Video menurut KBBI diartikan rekaman gambar hidup atau program televisi untuk ditayangkan lewat pesawat televisi (Pusat Bahasa, 2005).  Tentu bukan hal asing saat ini membicarakan video beserta teknologi perangkatnya. Perkembangan teknologi informasi dan komunikasi yang demikian pesat akhir-akhir ini memudahkan setiap orang untuk berekspresi menggunakan perekam gambar hidup. Jika dulu perangkat perekam gambar tersebut berbentuk kamera yang besar dan hanya dimiliki institusi tertentu, saat ini perekam gambar lebih kecil namun berkualitas tinggi dan hampir dimiliki setiap rumah (home using). 

 Fungsi Naskah
Naskah baik untuk video pembelajaran maupun naskah audio visual lainnya memiliki fungsi antara lain:
https://idseducation.com
  1. Memberi kemudahan dalam hal perencanaan, produksi/shooting, penyuntingan/editing, penyiaran dan pemanfaatan program. Karena semua tahapan kerja itu tanpa naskah pasti resikonya akan kacau, atau resiko lainnya semua kru yang terlibat tidak tahu apa yang harus dikerjakan.
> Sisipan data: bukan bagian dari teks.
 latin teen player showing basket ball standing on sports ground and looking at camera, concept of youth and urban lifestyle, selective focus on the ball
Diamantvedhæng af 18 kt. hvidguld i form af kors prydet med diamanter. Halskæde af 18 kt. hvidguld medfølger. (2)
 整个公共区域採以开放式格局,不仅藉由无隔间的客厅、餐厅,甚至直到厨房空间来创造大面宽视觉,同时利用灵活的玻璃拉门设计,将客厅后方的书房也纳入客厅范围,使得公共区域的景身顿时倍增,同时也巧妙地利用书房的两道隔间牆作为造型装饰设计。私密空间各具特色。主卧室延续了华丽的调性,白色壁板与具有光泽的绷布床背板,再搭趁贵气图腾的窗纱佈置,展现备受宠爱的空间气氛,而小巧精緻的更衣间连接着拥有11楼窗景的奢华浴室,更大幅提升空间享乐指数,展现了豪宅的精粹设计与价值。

  2. Menjadi medium berpikir kreatif. Bagi penulis naskah terus akan berpikir atau mencari ide agar tulisan yang dibuatnya lebih menarik. Bagi sutradara akan berpikir kreatif bagaimana menata adegan, menata setting, dan menggambil gambar yang menarik. Bagi kru/kerabat produksi naskah akan menuntut mereka untuk berpikir kreatif, bagaimana menempatkan kamera, di mana mengatur pencahayaan, bagaimana mengatur tata suarnya, dan sebagainya. 
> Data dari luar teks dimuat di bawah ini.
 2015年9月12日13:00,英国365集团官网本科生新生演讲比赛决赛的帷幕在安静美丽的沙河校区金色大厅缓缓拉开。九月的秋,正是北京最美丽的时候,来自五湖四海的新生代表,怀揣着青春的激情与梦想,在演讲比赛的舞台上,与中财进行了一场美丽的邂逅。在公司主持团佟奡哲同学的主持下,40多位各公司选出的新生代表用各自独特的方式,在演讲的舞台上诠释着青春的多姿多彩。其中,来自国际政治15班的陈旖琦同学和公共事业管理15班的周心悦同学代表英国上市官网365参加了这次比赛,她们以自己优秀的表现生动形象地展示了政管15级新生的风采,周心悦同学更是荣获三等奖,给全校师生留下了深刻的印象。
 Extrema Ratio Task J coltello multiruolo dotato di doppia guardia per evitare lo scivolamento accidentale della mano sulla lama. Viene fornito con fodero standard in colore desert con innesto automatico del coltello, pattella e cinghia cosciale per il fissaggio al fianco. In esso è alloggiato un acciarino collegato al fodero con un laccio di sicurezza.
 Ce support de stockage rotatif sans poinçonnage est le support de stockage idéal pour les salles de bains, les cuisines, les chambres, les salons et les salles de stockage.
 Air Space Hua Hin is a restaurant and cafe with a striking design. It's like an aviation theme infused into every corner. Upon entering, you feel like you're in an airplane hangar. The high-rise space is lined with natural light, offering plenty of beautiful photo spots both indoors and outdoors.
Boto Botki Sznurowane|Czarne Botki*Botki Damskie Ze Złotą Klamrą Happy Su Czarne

  3. Menjadi sarana komunikasi kerabat produksi. Penjelasannya singkat, tak akan mungkin kerabat produksi bisa mengomunikasikan pekerjaan mereka jika tanpa naskah.
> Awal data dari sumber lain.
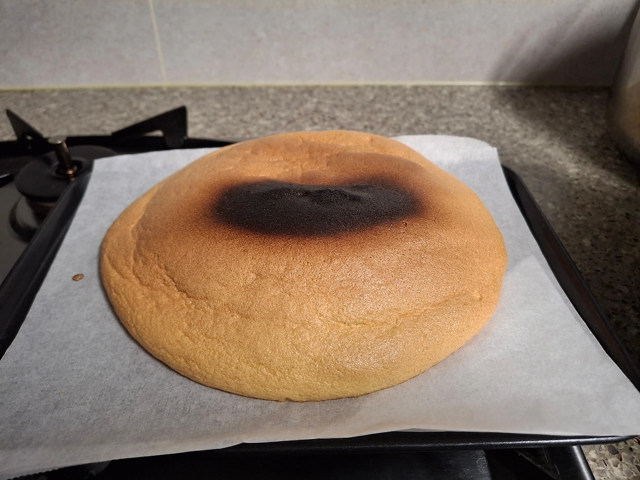 4. 완성. 맛있게 먹는다, 그러나 오븐 높이가 낮은 관계로 이번에도 카스테라 윗부분이 타버리고 말았다.
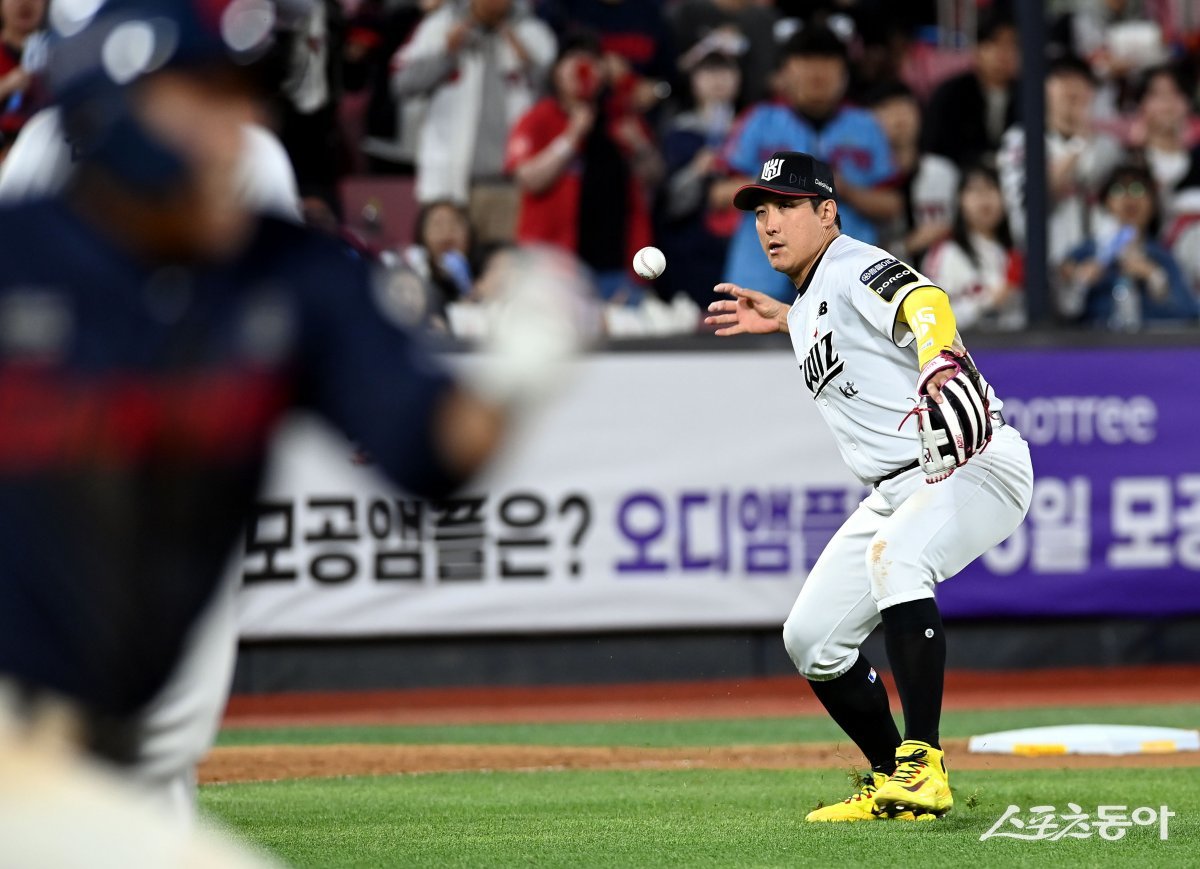 16일 경기도 수원 KT위즈파크에서 ‘2024 신한 SOL 뱅크 KBO리그’ KT 위즈와 롯데 자이언츠의 경기가 열렸다. 8회초 1사에서 내야 안타 타구를 잡은 KT 황재균이 1루 송구를 시도하다 볼을 놓치고 있다.
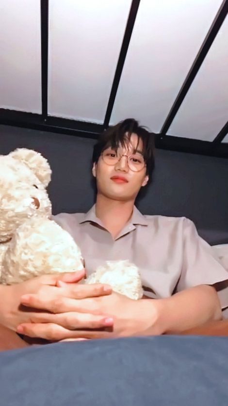一出去就看见早就收拾好的金钟仁抱着熊哈哈坐在床上看着她
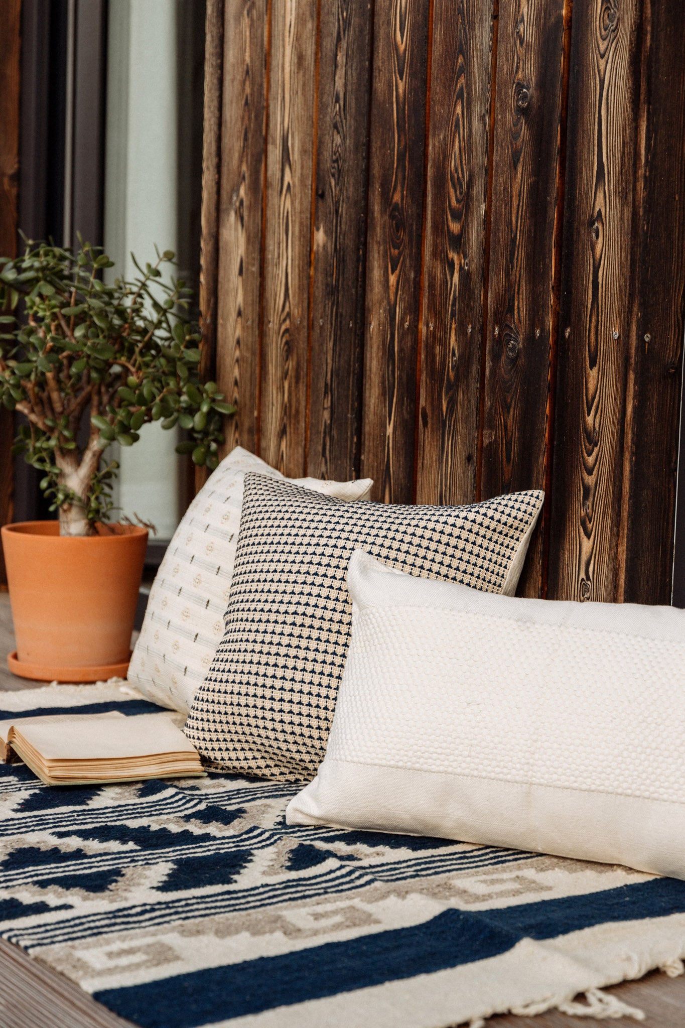 Elegantní povlak na obdélníkový polštář, s péčí a láskou ručně utkaný na tradičním tkalcovském stavu. Minimalistické provedení je ozvláštněno plastickou texturou na přední straně. Funguje samostatně jako statement piece, ale také v kombinaci s dekorativními polštářky v jiných barvách, velikostech a vzorech. Bez zipu, výplň vkládáme mezerou pod skladem na zadní straně

  4. Menjadi acuan penyusunan jadwal kegiatan. Dalam naskah tertera lokasi pengambilan gambarnya “di mana”, waktu pengambilan gambarnya “kapan”. Dari sana akan bisa dijadwalkan berapa lama waktu pengambilan gambar dilakukan. Jika perlu adiministrasi persuratan kapan dibuat dan ke mana dikirimkan. Jika perlu perizinan khusus kapan harus diurus. Jika memerlukan properti/benda-benda yang dibutuhkan sebagai pendukung kapan harus dibeli atau disewa. Jika perlu kostum-kostum khusus kapan harus disiapkan, dan sebagainya. Itu semua perlu penjadwalan yang rapi. Apalagi jika naskah sudah dibedah dalam kegiatan rembug naskah/script conference, terutama antara penulis naskah dan sutradara akan tampak lebih detail apa saja yang harus dijadwalkan.  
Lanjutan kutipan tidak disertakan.